The incursion program market in Australia has grown significantly over the past decade. Where childcare centres once had a handful of options, directors today are presented with a wide range of providers offering everything from dance and yoga to science experiments and cooking classes. More choice sounds like a good thing. But more choice also means more risk of choosing the wrong provider, and the consequences of a poor incursion programme, an uninspiring session, inconsistent delivery or a provider who disappears after a term, fall directly on your centre’s reputation.

Here is a practical framework for making the right decision.

Start with developmental value, not entertainment value

The first question to ask about any incursion programme is not whether children will enjoy it. Children enjoy many things that offer limited developmental value. The right question is what specific developmental outcomes the programme supports and how those outcomes are documented. A quality physical activity incursion programme should be able to tell you exactly which EYLF outcomes it addresses, provide session documentation you can use for accreditation and explain the developmental progression built into its curriculum. If a provider cannot answer these questions clearly, look elsewhere.

Check their credentials and compliance

Every person who enters your centre to work with children must hold a current Working With Children Check for your state. This is non-negotiable. Beyond WWCC, ask about public liability insurance, professional indemnity insurance and whether their instructors are qualified and trained specifically in early childhood delivery. A dance or yoga instructor who is excellent with adults is not necessarily equipped to deliver an engaging, developmentally appropriate session to two-year-olds. Ask specifically about their early childhood training and experience.
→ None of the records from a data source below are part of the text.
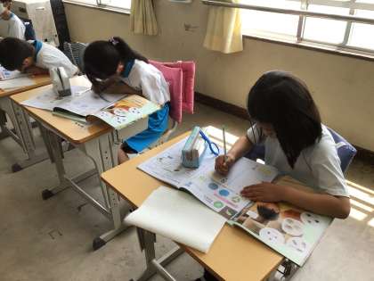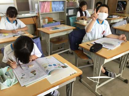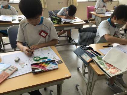 4組の授業です。今日は、タネの観察をしました。ヒマワリ、ホウセンカ、オクラの中から2つ選んで理科ノートの観察カードを作りました。大きなヒマワリのタネは、模様の線一本一本丁寧にかきました。ホウセンカのタネは小さくて虫メガネを使っても模様の線を観察することが難しかったようです。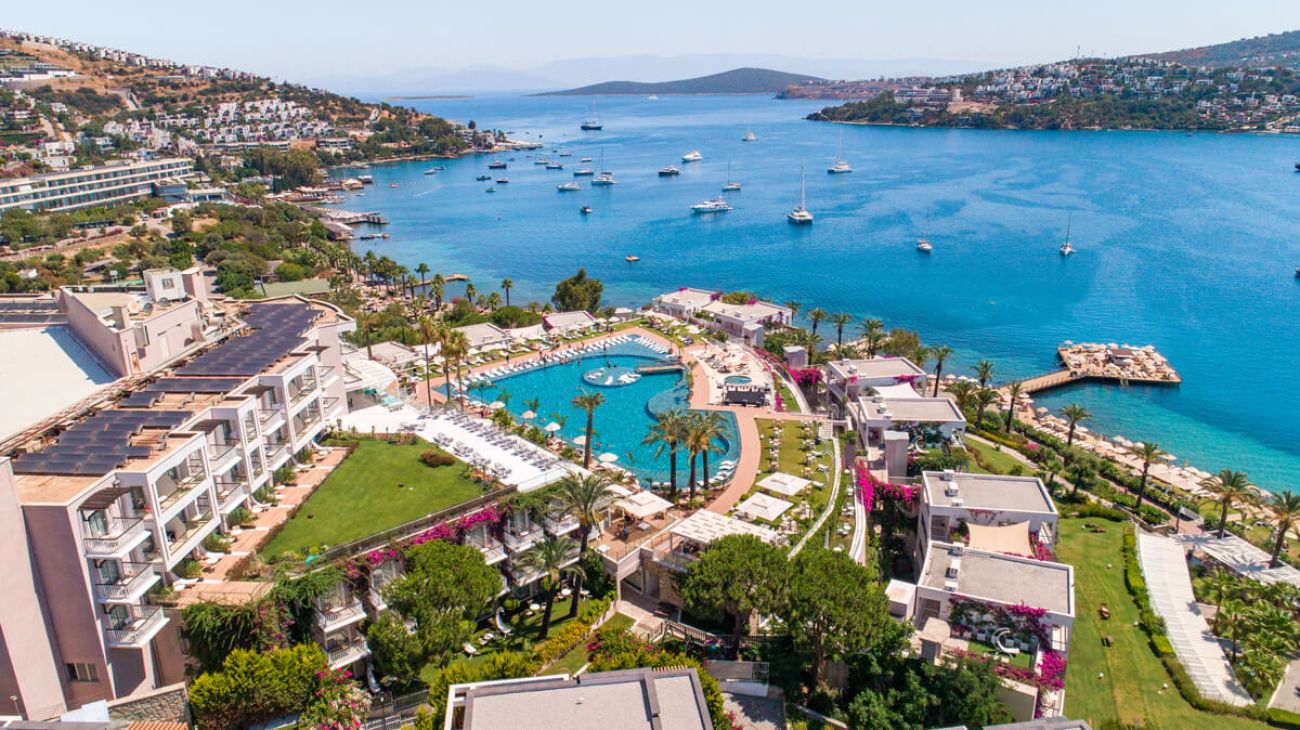 Хотелът е разположен на брега на морето, на 500 м от района на Гюндоан, на 30 км от град Бодрум и на 40 км от летище Милас. Разполага с обща площ от 30 000 m² и последно реновиран през 2024 г. - стаи, басеини, общи части, лоби, сладкарница и СПА цетър.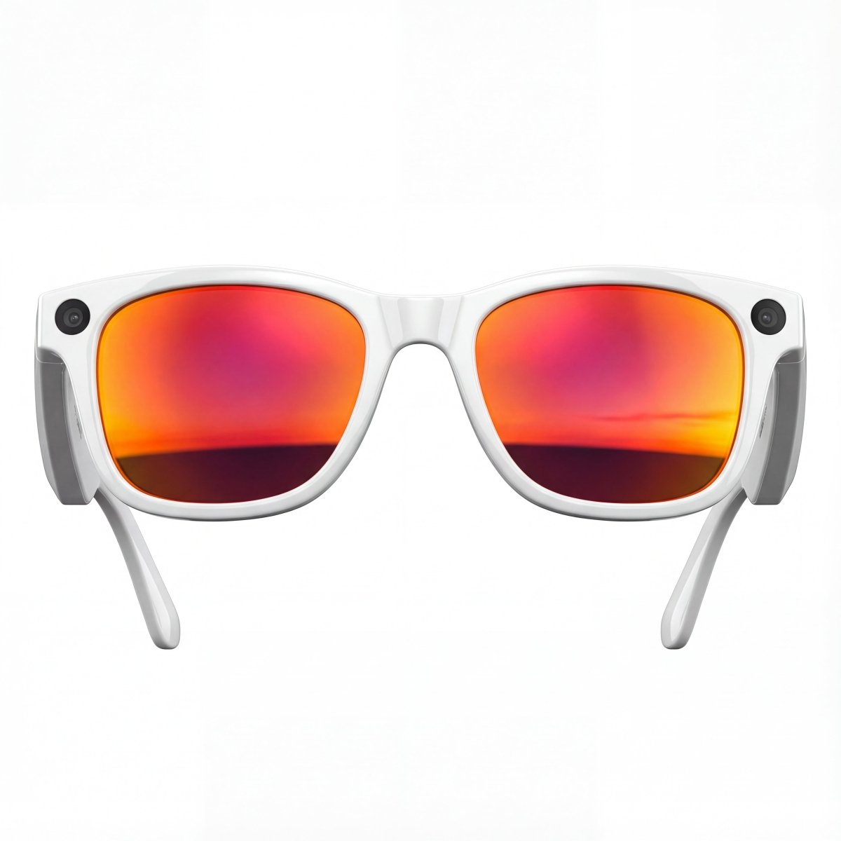 מסגרת לבנה בולטת עם עדשות מראה אדומות.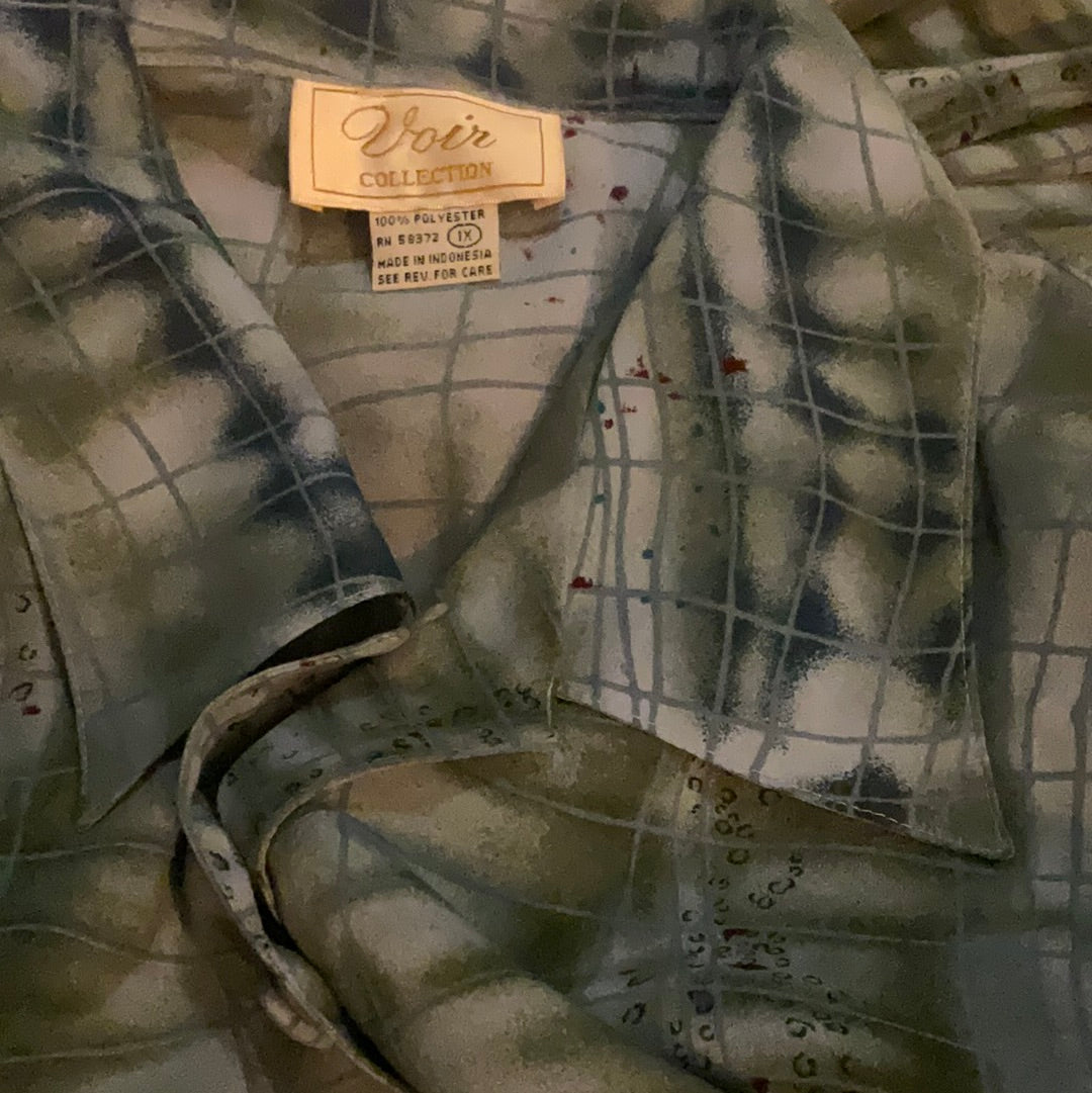 Voir Collection Vintage Two Piece Set Shirt and Skirt Blue Grey Abstract Print

Look for consistency and longevity

The most valuable incursion programmes are the ones that come back every week, year after year. Children benefit most from consistent, progressive programmes where skills build on each other over time. A provider who has been delivering to childcare centres for five, ten or twenty years is a very different proposition from one who launched last year. Ask how long they have been operating, how many centres they currently service and what their retention rate looks like. A provider with a strong retention rate is telling you something important about the quality of their delivery.

Consider the full package, not just the session

A great incursion programme does more than deliver a good session. It provides curriculum documentation, communicates clearly with your team, handles its own equipment and materials and makes the logistical side of hosting a weekly programme effortless for your educators. Ask what administrative support the provider offers, how they handle cancellations, whether they provide EYLF-aligned documentation and how responsive they are to questions and feedback. The administrative experience matters as much as the in-room experience.
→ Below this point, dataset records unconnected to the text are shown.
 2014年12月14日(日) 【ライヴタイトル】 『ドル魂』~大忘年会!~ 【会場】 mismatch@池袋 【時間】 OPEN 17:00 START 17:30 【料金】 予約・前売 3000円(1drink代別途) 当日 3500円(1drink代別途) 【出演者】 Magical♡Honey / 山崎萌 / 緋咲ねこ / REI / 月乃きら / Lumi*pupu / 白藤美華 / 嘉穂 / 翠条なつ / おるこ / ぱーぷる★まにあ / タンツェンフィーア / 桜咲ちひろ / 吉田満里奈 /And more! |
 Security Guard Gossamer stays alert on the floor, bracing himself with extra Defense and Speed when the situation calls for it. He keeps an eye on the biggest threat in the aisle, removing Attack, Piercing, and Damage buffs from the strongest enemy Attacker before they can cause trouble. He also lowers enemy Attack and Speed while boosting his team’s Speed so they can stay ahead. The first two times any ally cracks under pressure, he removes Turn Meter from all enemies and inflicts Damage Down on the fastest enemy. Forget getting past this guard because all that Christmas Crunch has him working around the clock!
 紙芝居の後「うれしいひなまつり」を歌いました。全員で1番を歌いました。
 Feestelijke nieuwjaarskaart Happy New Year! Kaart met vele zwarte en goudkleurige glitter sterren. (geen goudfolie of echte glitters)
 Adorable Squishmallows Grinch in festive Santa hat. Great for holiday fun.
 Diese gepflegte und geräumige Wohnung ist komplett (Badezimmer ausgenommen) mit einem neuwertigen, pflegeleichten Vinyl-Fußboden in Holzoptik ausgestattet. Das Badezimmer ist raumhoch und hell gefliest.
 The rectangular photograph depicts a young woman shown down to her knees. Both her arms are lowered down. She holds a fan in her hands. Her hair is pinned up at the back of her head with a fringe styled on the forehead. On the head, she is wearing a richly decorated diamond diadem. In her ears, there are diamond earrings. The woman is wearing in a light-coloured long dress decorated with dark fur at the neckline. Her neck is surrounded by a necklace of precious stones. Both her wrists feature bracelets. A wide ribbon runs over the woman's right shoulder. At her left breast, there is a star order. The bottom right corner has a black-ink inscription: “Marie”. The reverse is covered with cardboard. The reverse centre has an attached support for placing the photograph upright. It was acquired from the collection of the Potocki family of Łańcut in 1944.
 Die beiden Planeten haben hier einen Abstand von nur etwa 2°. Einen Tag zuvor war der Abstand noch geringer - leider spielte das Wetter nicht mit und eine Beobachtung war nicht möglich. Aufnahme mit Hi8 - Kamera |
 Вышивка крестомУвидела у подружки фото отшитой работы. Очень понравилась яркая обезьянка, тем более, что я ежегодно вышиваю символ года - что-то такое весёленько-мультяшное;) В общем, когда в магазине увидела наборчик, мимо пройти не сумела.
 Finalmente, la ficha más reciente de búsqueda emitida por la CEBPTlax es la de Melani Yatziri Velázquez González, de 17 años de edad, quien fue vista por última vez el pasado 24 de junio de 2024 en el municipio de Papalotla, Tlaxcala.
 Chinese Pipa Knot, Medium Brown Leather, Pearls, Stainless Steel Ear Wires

Ask for a free trial before committing

Any reputable incursion programme provider should be willing to deliver a free trial session at your centre before you commit to a term or a year. A trial session tells you everything. You will see how the instructor engages with your children, how they manage the room, how children respond and whether the programme genuinely delivers what the provider promises. If a provider is not willing to offer a trial, that is a significant warning sign.

Choosing the right incursion programme is one of the highest-impact decisions a childcare director can make for their centre. Take the time to ask the right questions and the right provider will be obvious.